The Oklahoma TSA prohibits the use of any such “automated system” to make a “telephonic sales call” without the “prior express written consent” of the “called party.” To obtain a consumer’s prior express written consent to receive calls made using an automated system, a caller must provide a clear and conspicuous disclosure that clearly authorizes the placement of a commercial telephone call. Electronic signatures are permitted under the act, but it is unclear whether Oklahoma courts will recognize recorded oral consents as electronic written ones as sometimes applies in federal TCPA jurisprudence.
Tracking with the Florida TSA, the new Oklahoma law also prohibits “more than 3 calls in a 24 hour period,” even to consumers who have given prior express written consent, and requires that all telephonic sales calls cease between the hours of 8 p.m. and 8 a.m. The Oklahoma law expressly allows for a private right of action to enforce these provisions. The law also requires callers to use their own voices, stating it is unlawful to “intentionally alter the voice of the caller in an attempt to disguise or conceal the identity of the caller in order to defraud, confuse, or financially or otherwise injure the recipient of a telephonic sales call or in order to obtain personal information from the recipient of a telephonic sales call, which may be used in a fraudulent or unlawful manner.”
The potential damages are the usual $500 per violation, which can be trebled for willful or knowing violations.
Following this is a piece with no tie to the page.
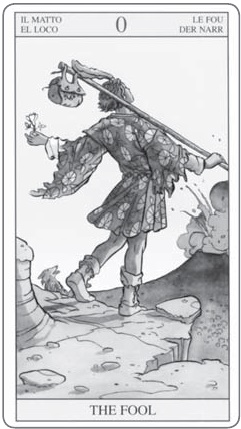 У Шута Уэйта хорошая интуиция, ведь рядом с ним пес, помогающий предчувствовать угрозу. Это верный друг, который поддержит в трудной ситуации. Но в колоде Нью Вижн собака почти не видна. Отсутствует и изображение Солнца, символизирующее Божественную поддержку. Шут Нью Вижн далеко не всегда слышит свою интуицию, даже если она посылает ему подсказки. Он больше напоминает Глупца, живущего в своем мире, не реагирующего на привычные для обычного человека знаки и сигналы. И совсем не факт, что притормозить на краю его заставило завораживающее зрелище извергающегося вулкана. Мы не видим его лица, и можем лишь гадать, что оно сейчас выражает, – изумление, страх, блаженство, беззаботность? Или этот странный путник просто замечтался и застыл на мгновенье, не замечая ни пропасти, ни вулкана?

Of note, however, is that there are no provisions awarding attorneys’ fees to successful plaintiffs.
Also helpful is that the bill enumerates many broad and actually useful exemptions, including calls made for certain noncommercial purposes, calls made to a recipient with an established business relationship, calls by most licensed financial institutions, investment advisors, realtors, and calls by any retailer with a physical footprint generating most of its revenue from a physical store rather than telephone solicitations. There are other more niche exceptions such as for pesticide companies. Also, like Florida’s TSA, Oklahoma exempts calls made to set up an appointment to make an in-person sales pitch, but only if there is neither payment nor commitment to payment made on the phone call. Vendors who do not fit the exemptions but are calling on behalf of entities that do are also exempt in some circumstances if they have been providing telemarketing services for five years or more and 75% or more of its revenue comes from making calls on behalf of statutorily exempt entities.
Businesses that make calls to Oklahoma residents or Oklahoma area codes should review their compliance programs to ensure compliance with the Oklahoma law. Oklahoma is just one of a growing number of states seeking to enact their own state-specific telemarketing laws via statutory schemes we expect to continue to closely track the difficult and controversial Florida statute.